Differential clinical and pathological characteristics of esophageal stromal tumors and leiomyomata.

2014 
Summary The objective of the study was to assess the differences in clinical and pathological characteristics between esophageal stromal tumor and leiomyoma. Data from 93 esophageal stromal tumors and leiomyomata cases were retrospectively analyzed, including clinical symptoms, endoscopic features, pathological characteristics, immunohistochemistry (IHC), and treatment. All cases underwent endoscopic ultrasonography examination before treatment. Lesions arising from the muscularis mucosa were resected by endoscopic mucosal resection or endoscopic submucosal dissection. Lesions arising from the muscularis propria were resected by surgery. All specimens were examined by IHC. Patients were followed up after endoscopic mucosal resection or endoscopic submucosal dissection.

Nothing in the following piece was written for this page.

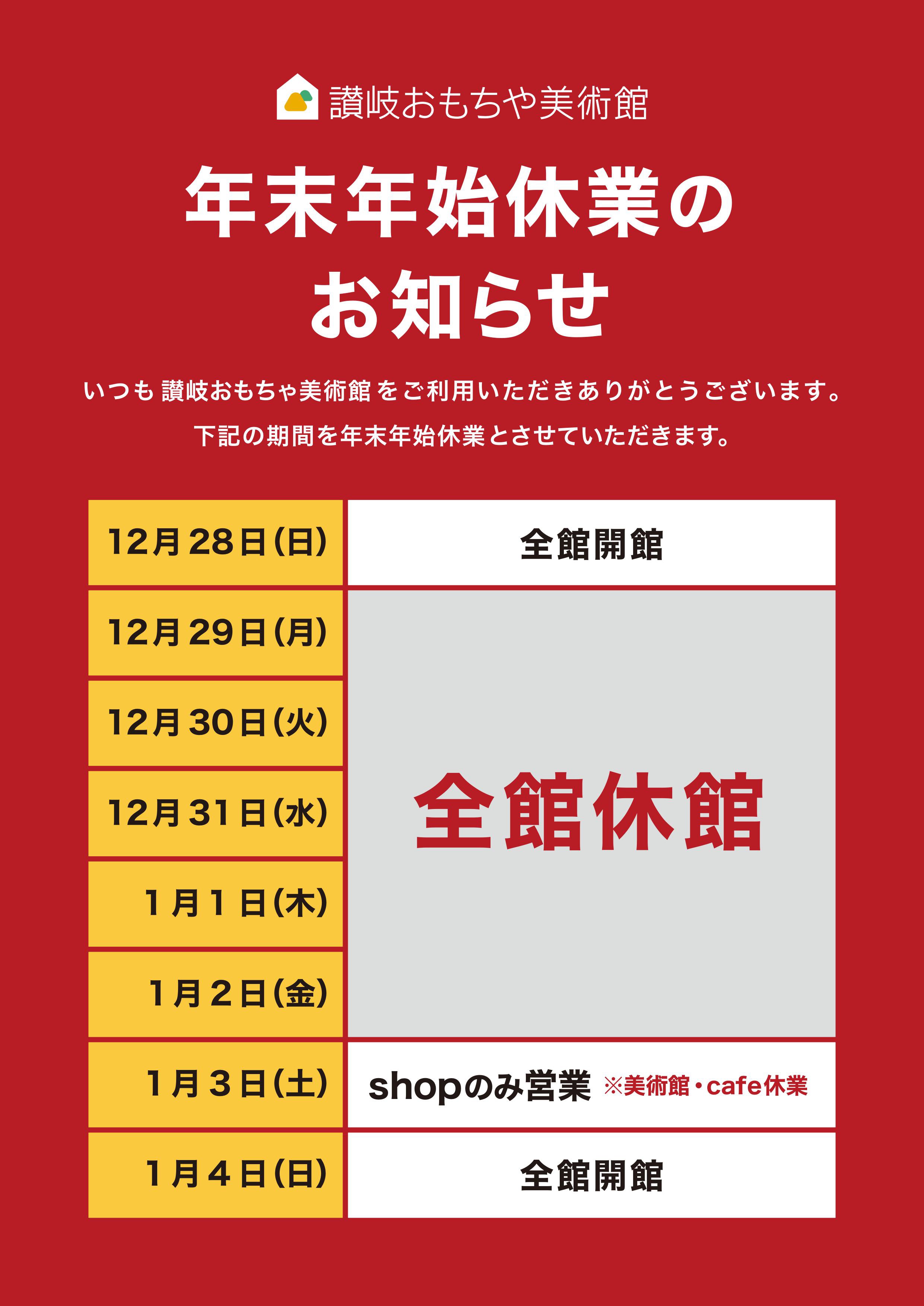 いつも讃岐おもちゃ美術館をご利用いただき誠にありがとうございます。 年末年始の営業日を上記のとおりとさせていただきます。 ご不便をおかけいたしますが、何卒よろしくお願い申し上げます。 続きを見る

No difference was observed in clinical symptoms and endoscopic features between the two groups. Endoscopic ultrasonography demonstrated all lesions to be hypoechoic and well circumscribed. Most lesions >2 cm had heterogeneous internal ultrasound signal. In esophageal stromal tumor, 100% (29/29) were CD117-positive and DOG-1-positive; 72.4% (21/29) and 51.7% (15/29) were CD34-positive and smooth muscle actin-positive, respectively. In esophageal leiomyomata, 100% (64/64) were smooth muscle actin-positive and desmin-positive; 100% were CD117-negative and DOG-1-negative. No local recurrence was detected in followed up patients (n = 49) after an average of 1.8 years (1.0–3.0 years). IHC analyses are important for distinguishing esophageal stromal tumor from leiomyoma. Early endoscopic resection is an effective treatment option for esophageal stromal tumors >1 cm.